1. Les approches du fonctionnement technique et de l’organisation du travail

1.1. Analyser le fonctionnement d’un système d’élevage du point de vue de

1.2.2. Deux approches de l’organisation du travail

Les zootechniciens des systèmes d’élevage ont deux façons de voir l’organisation du travail

qui mettent toutes les deux au centre de leurs analyses les modalités d’association «

tâches-travailleurs » (Dedieu et al., 2006). Le premier type d’approche est fondé sur la division

sociale et technique du travail. Le deuxième type d’approche analyse l’organisation du travail

comme une combinaison de trois entités ajustables, caractérisées de levier : la conduite, le

collectif de travail ou main-d’œuvre, les équipements. Les deux approches m’ont inspirée

pour les deux étapes.

1.2.2.1. Quantifier la durée du travail et caractériser la complexité des

modalités d’associations entre tâches et travailleurs

La première approche de l’organisation du travail s’intéresse surtout à l’organisation réalisée,

produite et non à l’organisation en tant que processus. Elle s’appuie sur une approche

gestionnaire de l’organisation du travail définie comme la division sociale et technique du

travail. Les méthodes Bilan Travail et Atelage (Madelrieux et Dedieu, 2008) s’inscrivent dans

cette façon de voir l’organisation du travail. L’organisation du travail est alors analysée à

partir du recensement des travailleurs, des tâches et des modalités de couplage entre les tâches

et les travailleurs sur une campagne. Dans ces méthodes, les choix de pratiques, également

appelés choix techniques, de l’éleveur sont considérés comme fixant le contenu du travail à

faire, c’est-à-dire générant les tâches dont il n’est ensuite retenu que les caractéristiques

temporelles. L’analyse de la combinaison des pratiques est centrée sur les modalités

techniques et vise à construire un calendrier des tâches, de la répartition des tâches entre les

travailleurs, des formes quotidiennes d’organisation. Ensuite avec la méthode Bilan Travail,

les durées de travail sont additionnées pour obtenir l’évolution de la durée du travail réalisée

par les différentes catégories de travailleur tout au long de l’année, et pour évaluer « le temps

disponible calculé de la cellule de base» qui correspond au temps restant une fois leurs

travaux sur le troupeau et les surfaces réalisés. Avec le modèle Atelage, les analyses portent

sur le nombre de formes quotidiennes d’organisation et la caractérisation des alternances de

ces formes, ce qui permet d’identifier la relative stabilité dans les associations entre les tâches

et les travailleurs ou la complexité liée à la diversité de ces associations. Ces approches ne

s’intéressent plus à l’élaboration de la production. L’opportunité et l’efficacité des pratiques

ne sont plus analysées. Par exemple, le modèle Atelage ne retient in fine que les

caractéristiques temporelles des pratiques interprétées comme des tâches quotidiennes ou non

quotidiennes et laisse de côté la modalité technique des pratiques : le point de vue

« organisation du travail » l’emporte sur le point de vue « élaboration de la production ». En

ne représentant pas la modalité technique, il n’est plus possible de faire le lien aux objectifs

de production.

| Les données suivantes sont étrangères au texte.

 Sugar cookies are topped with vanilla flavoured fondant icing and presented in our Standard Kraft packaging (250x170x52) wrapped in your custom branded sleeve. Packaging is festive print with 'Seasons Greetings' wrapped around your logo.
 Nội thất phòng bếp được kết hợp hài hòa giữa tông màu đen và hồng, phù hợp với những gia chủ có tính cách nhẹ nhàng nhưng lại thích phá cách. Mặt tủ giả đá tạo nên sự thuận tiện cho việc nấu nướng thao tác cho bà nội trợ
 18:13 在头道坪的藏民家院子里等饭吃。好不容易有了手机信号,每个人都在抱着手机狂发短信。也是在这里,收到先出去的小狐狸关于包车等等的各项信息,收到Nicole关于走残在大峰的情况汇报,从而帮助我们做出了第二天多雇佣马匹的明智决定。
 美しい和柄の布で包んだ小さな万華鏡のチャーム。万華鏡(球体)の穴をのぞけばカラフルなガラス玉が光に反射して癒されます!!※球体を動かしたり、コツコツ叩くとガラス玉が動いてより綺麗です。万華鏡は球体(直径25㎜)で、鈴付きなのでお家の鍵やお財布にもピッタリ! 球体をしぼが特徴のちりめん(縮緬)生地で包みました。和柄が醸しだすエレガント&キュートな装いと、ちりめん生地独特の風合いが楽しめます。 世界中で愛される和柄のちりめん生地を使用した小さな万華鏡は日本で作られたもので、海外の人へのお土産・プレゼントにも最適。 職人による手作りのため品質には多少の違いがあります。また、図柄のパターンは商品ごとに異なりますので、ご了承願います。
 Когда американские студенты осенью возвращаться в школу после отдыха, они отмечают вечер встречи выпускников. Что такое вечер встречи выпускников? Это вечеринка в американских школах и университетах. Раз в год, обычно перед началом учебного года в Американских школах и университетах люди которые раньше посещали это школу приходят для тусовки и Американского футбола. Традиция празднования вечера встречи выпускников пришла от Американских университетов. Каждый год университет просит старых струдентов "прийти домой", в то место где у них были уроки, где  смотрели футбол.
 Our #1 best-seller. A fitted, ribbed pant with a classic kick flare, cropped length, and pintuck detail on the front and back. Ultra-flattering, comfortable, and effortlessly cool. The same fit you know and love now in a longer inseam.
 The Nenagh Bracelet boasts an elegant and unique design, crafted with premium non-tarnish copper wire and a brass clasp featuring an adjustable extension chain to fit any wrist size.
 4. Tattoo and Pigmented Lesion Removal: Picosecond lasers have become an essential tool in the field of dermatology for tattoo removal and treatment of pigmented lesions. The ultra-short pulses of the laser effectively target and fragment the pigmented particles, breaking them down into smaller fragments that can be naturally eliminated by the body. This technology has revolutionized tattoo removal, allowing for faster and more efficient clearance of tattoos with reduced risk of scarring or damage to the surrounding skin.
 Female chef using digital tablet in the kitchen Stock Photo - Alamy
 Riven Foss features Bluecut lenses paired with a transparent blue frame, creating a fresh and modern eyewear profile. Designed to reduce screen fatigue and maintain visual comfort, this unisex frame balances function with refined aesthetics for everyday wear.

Elles donnent à voir le résultat de l’agencement des tâches et des travailleurs

dans le temps : elles lissent les contraintes d’organisation de l’éleveur, les relations entre les

entités tâches et travailleurs et la façon dont l’ajustement est fait entre ces deux entités pour

aboutir à cette organisation. Autrement dit : est-ce que la tâche est adaptée en fonction de la

disponibilité des travailleurs ou est-ce que la mobilisation de travailleurs est adaptée en

fonction des tâches à faire ?

Ces approches qualifient l’organisation du travail indépendamment des objectifs ou

contraintes de l’éleveur en terme de production, revenu, durée du travail, répartition du travail

sur l’année ou articulation des activités. Ces approches partent du principe que les éleveurs

ont des attentes en matière de travail concernant la durée ou le rythme. Par rythme elles

entendent la répartition du travail dans le temps, à l’échelle de la semaine, de périodes

infrannuelles ou de l’année. Il y a une ambiguïté sur la place des attentes des éleveurs dans

ces analyses de l’organisation du travail. L’identification des attentes des éleveurs ne fait pas

partie de la méthode Bilan Travail et du modèle Atelage mais dans certaines études, elles sont

parfois identifiées. Quand ces attentes sont identifiées pour un éleveur, elles semblent

déduites de l’organisation du travail observée, selon la même méthodologie que pour le projet

de production qui est déduit de l’étude des pratiques concourant à l’élaboration de la

production, comme l’explique Dedieu (2008, p50): « les exploitants pilotent l’organisation du

travail au sens où celle-ci rend compte de leurs attentes en terme de qualité, rythme et

efficacité du travail et de la nécessité de composer avec les impératifs liés à leurs autres

activités ». Mais pour autant, après avoir décrit le nombre et la succession des formes

quotidiennes d’organisation, pour deux éleveurs, Madelrieux (2004, p155-156) interprète ces

résultats au regard d’attentes ou des contraintes des éleveurs qui ont été identifiées à partir

d’enquêtes auprès des éleveurs sur les faits de l’organisation et pas à partir des résultats du

modèle. Par exemple, elle écrit que chez l’éleveur JFG, « Entre eux, ils ont choisi de

travailler au maximum ensemble pour éviter les problèmes de la spécialisation », tandis que

« l’éleveur JCG privilégie l’autonomie dans le travail, car il ne veut compter que sur lui et

évite des formules de délégation, notamment si elles ont un coût (mises en pension) » (Ibid.,

p158-160). Or ce sont justement ces éléments non inclus dans ce que le modèle qualifie mais

qui servent à interpréter ce que le modèle qualifie, qui me semblent extrêmement structurants

de l’organisation du travail et donc pertinents pour comprendre la façon dont l’éleveur

aménage ses conditions de vie au travail.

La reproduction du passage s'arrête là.